12 de julho de 2016

Como as crianças são afetadas pelo encarceramento em massa no Brasil?

Michael Mary Nolan, presidente do ITTC (Instituto Terra, Trabalho e Cidadania), reflete sobre impactos do encarceramento feminino nos direitos das crianças e adolescentes no Brasil


Por Evelyn Nogueira*
Foto: Dora Martins

A relação das crianças e adolescentes com as prisões no Brasil vai muito além do debate em torno da redução da maioridade penal no país. De forma cada vez mais complexa, estão envolvidas com a situação dos presídios brasileiros.

Segundo o primeiro relatório nacional sobre a população penitenciária feminina no país, divulgado pelo Ministério da Justiça, entre 2000 e 2015 o número de mulheres presas cresceu em mais de 500%. Dados informam que 81% das mulheres presas atualmente são mães, e a maioria destas estão presas por porte ou tráfico de drogas.

Dentre essas mulheres, há dois perfis: mães solteiras que revendem drogas para o sustento da família e pessoas mais velhas que tem filhos consumidores, e foram presas por terem drogas em suas casas.

81% das mulheres presas atualmente são mães, e a maioria destas estão presas por porte ou tráfico de drogas

A advogada Michael Mary Nolan, presidente do ITTC (Instituto Terra, Trabalho e Cidadania), afirma que no momento que uma mulher é presa, o vínculo familiar é quebrado. Crianças ficam desamparadas pelo Estado e muitas vezes acabam se envolvendo no crime, levando até três gerações da mesma família à prisão por não terem acesso aos direitos necessários.
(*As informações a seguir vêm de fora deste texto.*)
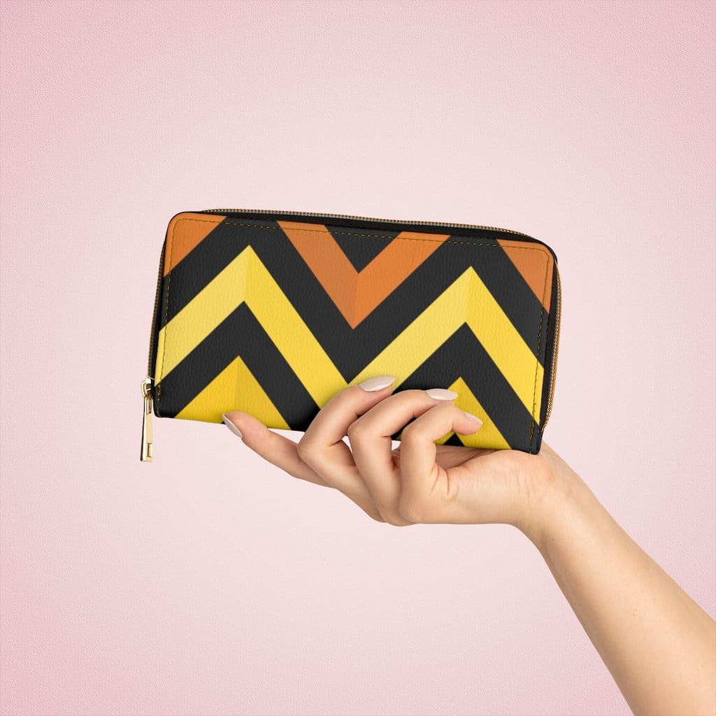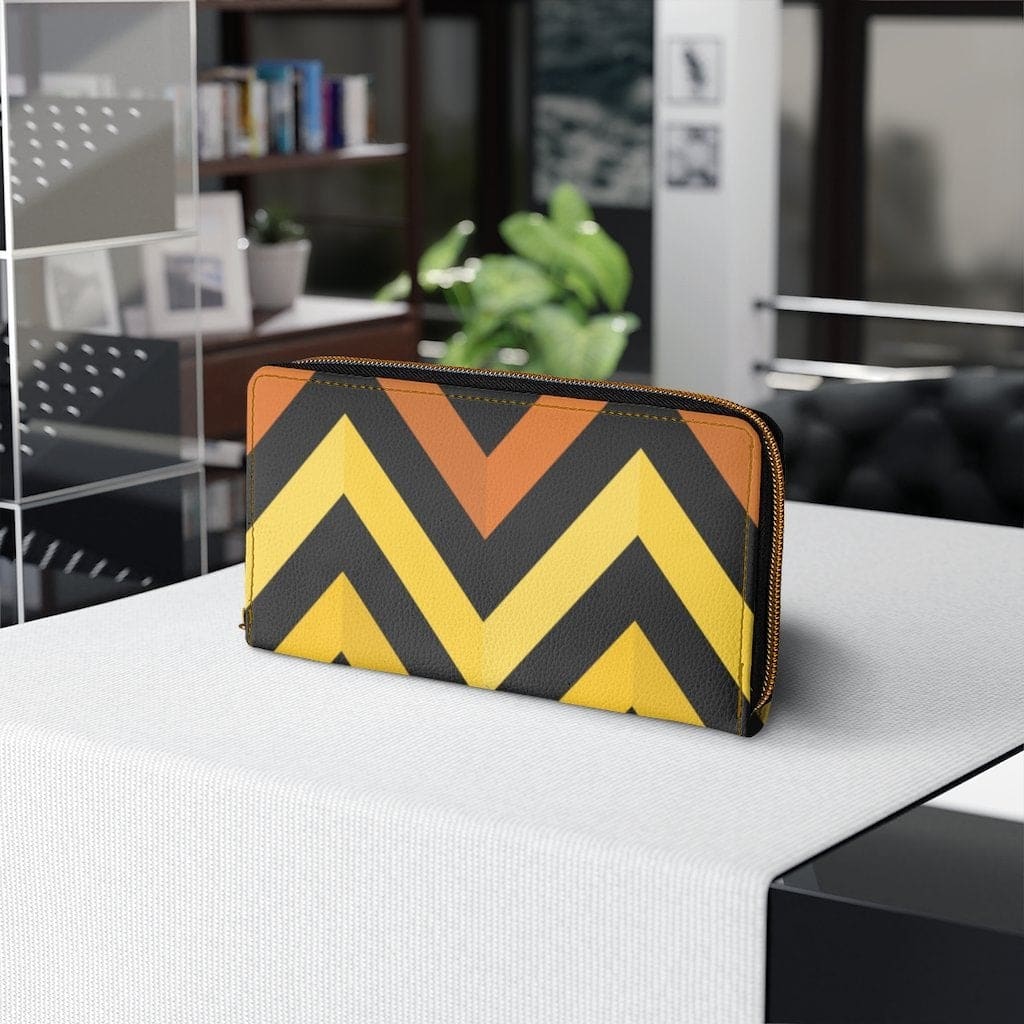Womens Wallet - Zip Purse - Black and Yellow Geometric - Bags/Zipper Wallets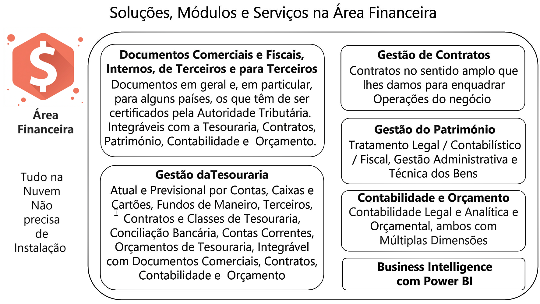 Note-se que deve ser tido em conta que para grandes organizações e para muitos Módulos, em determinados países e se se justificar, podemos instalar em servidores dos Clientes o que temos na Nuvem. Temos Clientes deste tipo, mas a viabilidade desta solução tem de ser estudada caso a caso e é bem mais onerosa.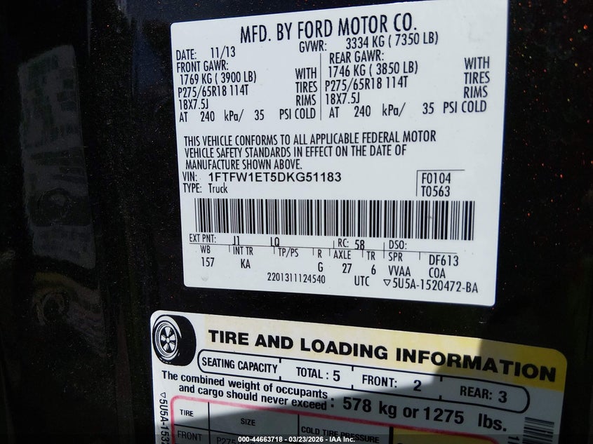 • 1FTFW1ET5DKG51183

Recentemente, a partir dos esforços da Bancada BBB (Boi, Bala e Bíblia), os deputados tentam extinguir os direitos das crianças e adolescentes. A recente aprovação do PL 6583/13 – relatório que define família como o núcleo formado a partir da união estável de um homem com uma mulher – não visa somente o extermínio dos direitos LGBT+s, mas também das mães solteiras, dos avós que criam seus netos e assim por diante.

Nas palavras da professora Beatriz Abramides, a falta de reconhecimento dessas crianças perante ao estatuto gera a marginalização em sociedade.

O direito das crianças e adolescentes tem sido cada vez mais sucateado e alternativas desumanas vem se tornando eficazes na visão judicial. A redução da maioridade penal, por exemplo, é apenas mais uma forma do Estado deixar de lidar com a educação infantil, e consideram mais fácil prender crianças – que ficarão confinadas no mesmo ambiente que adultos criminosos – do que educá-las.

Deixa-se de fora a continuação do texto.